Her father would never give up. It was his desire to see her wed to the duke, and nothing less would do.
“And that is all that you intend to say on the matter, is it? Well, then I shall let it rest for now. Come then, Lucy, I must be off. I shall escort you across the street.”
“Really, Papa, there is no need for concern. I am quite all right at home.”
“Alone?” he guffawed. “Absolutely not, you’re still recovering from your illness.”

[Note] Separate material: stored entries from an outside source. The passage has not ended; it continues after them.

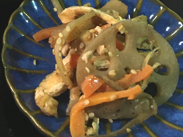 Stir-Fried vegetable in soy sauce and sesame oil, rich dietary fiber.
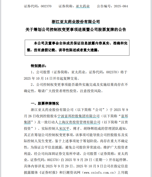 9月28日,亞太藥業(yè)公告稱,公司控股股東正在籌劃公司控制權(quán)變更事項,公司股票自9月29日開市起停牌。昨日晚間,變更方案正式揭曉:亞太藥業(yè)控股股東擬通過協(xié)議轉(zhuǎn)讓方式,向星浩控股轉(zhuǎn)讓公司14.61%股份,轉(zhuǎn)讓價格為8.26元/股,合計總金額為9億元。轉(zhuǎn)讓完成后,公司控股股東將變更為星浩控股,實控人變更為邱中勛。
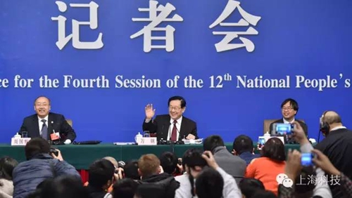 十二届全国人大四次会议新闻中心于3月10日10时45分在梅地亚中心多功能厅举行记者会,邀请科技部部长万钢、中国科技大学常务副校长潘建伟、浙江省科技厅厅长周国辉就“科技创新发展”的相关问题回答中外记者的提问。
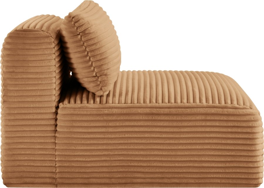 Indulge in luxurious and supreme comfort with the Shaggy saddle corduroy performance fabric upholstered armless accent chair, featuring soft furry-textured corduroy fabric with bold 1-inch-wide wales. Designed for both style and durability, this performance fabric is water-repellent and stain-resistant, ensuring long-lasting beauty. The comfortable foam seating offers plush support, while its modular design allows for infinite configurations to suit your space with a secure latch underneath to add more pieces.
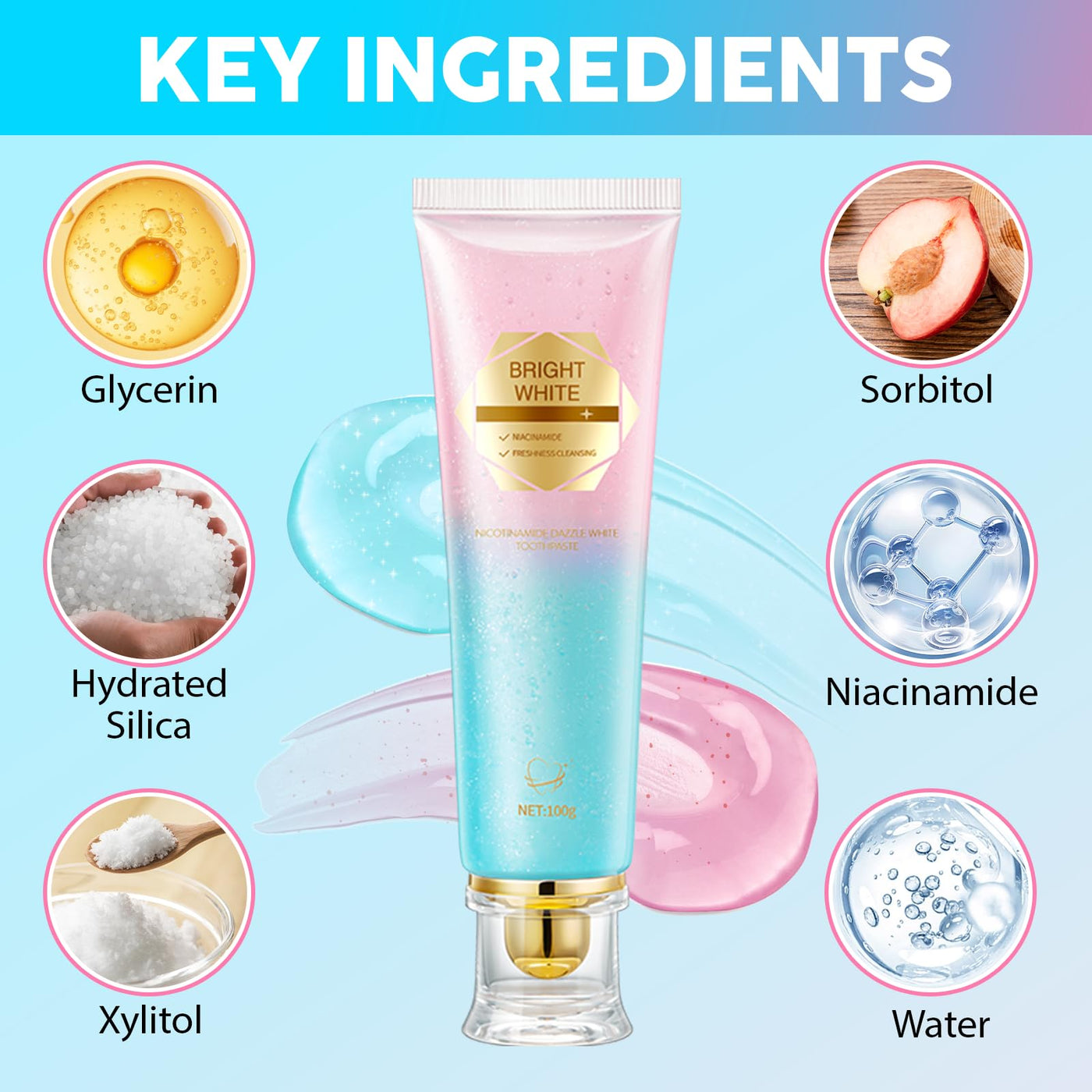- Whiten Without Sensitivity: Our niacinamide whitening toothpaste gently lifts years of yellowing from food, drinks, or agerestoring a brighter smile without any harsh chemicals or irritation.
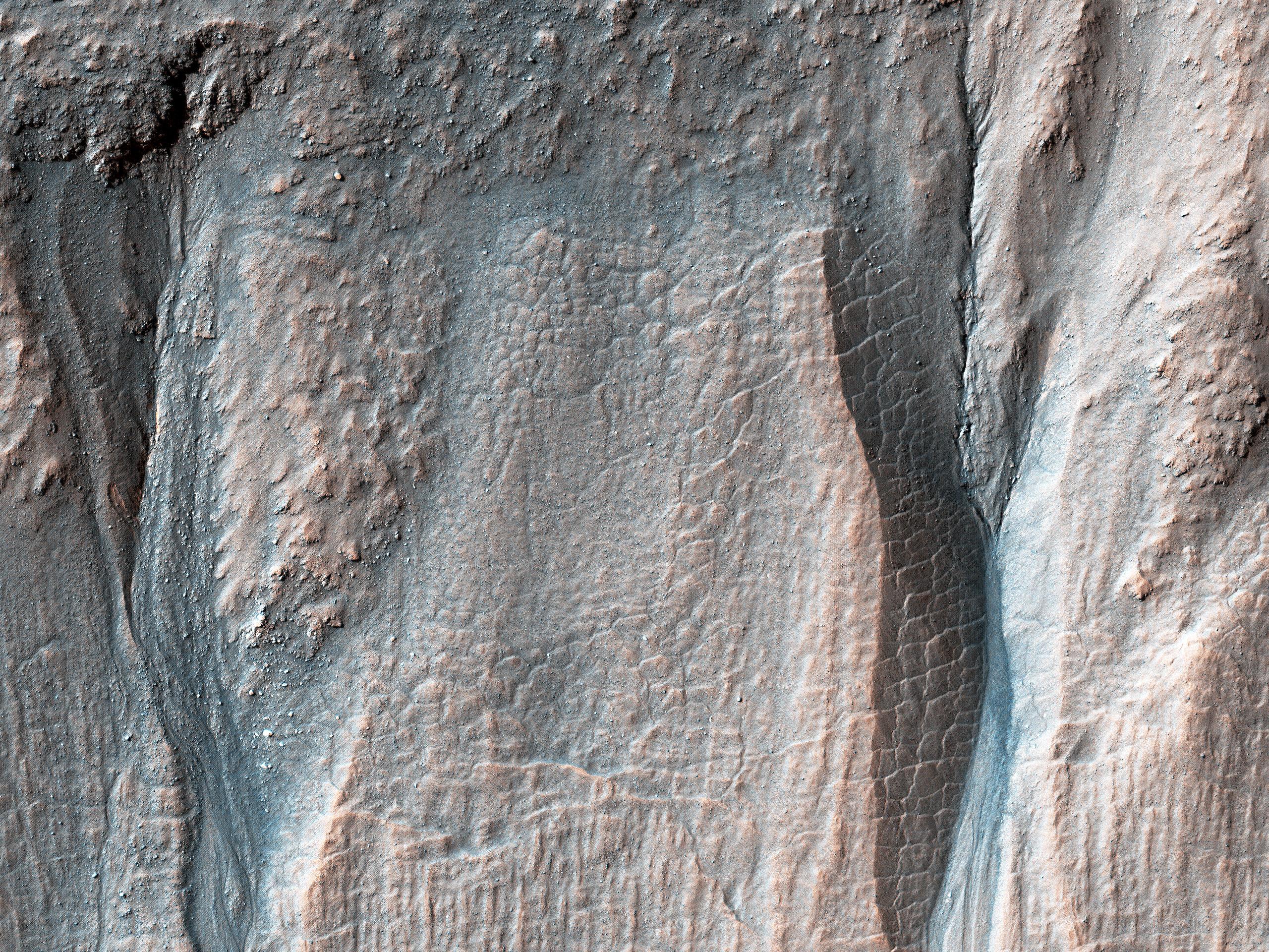 I calanchi lungo il versante rivolto verso il polo di questo cratere del diametro di 10 chilometri, situato negli altopiani meridionali di Marte, hanno origine a diverse altitudini lungo il bordo. I calanchi orientali (a destra) hanno origine sul bordo del cratere o nelle sue vicinanze, mentre quelli più occidentali erodono o scavano strati detritici lungo i versanti a media altitudine.

There was no fighting him on this. A fortnight ago she had been gravely ill—her own stupidity, which she refused to think on—and ever since, her father made certain that she was never left alone, although it was not him who was a constant presence, but Isabella, whose task it now seemed was to hover about and mind Lucy’s activities.
Lucy thought back to those months ago, when, in an attempt to appease the loneliness left behind by the imagined loss of her lover, she had turned down many a dark and dangerous path, one of séances and scribing, and bargaining in her dreams if only she could find her lover once again. There had been that awful sense of incompleteness, having never had a chance to say goodbye. To see him one last time before he faded forever onto the other side, where breathing mortals could not follow.
Dabbling in the occult had been a way of idling her time away—and perhaps a somewhat foolish and desperate measure to find him in the ethers of the spiritual realm—it was then that she had come across the mysterious Brethren Guardians and their sacred relics—a relic she had stolen and used for her own purposes. The result had been disastrous, and nearly deadly.
It had terrified her father, and now he was hovering about, foisting her onto her cousin, and generally distrusting her, treating her like a child.
“Come, Lucy. I insist,” her father muttered in that voice that would brook no refusal. “There is no moving me on this. You will join Lady Black today and attend to those things that ladies do during morning calls.”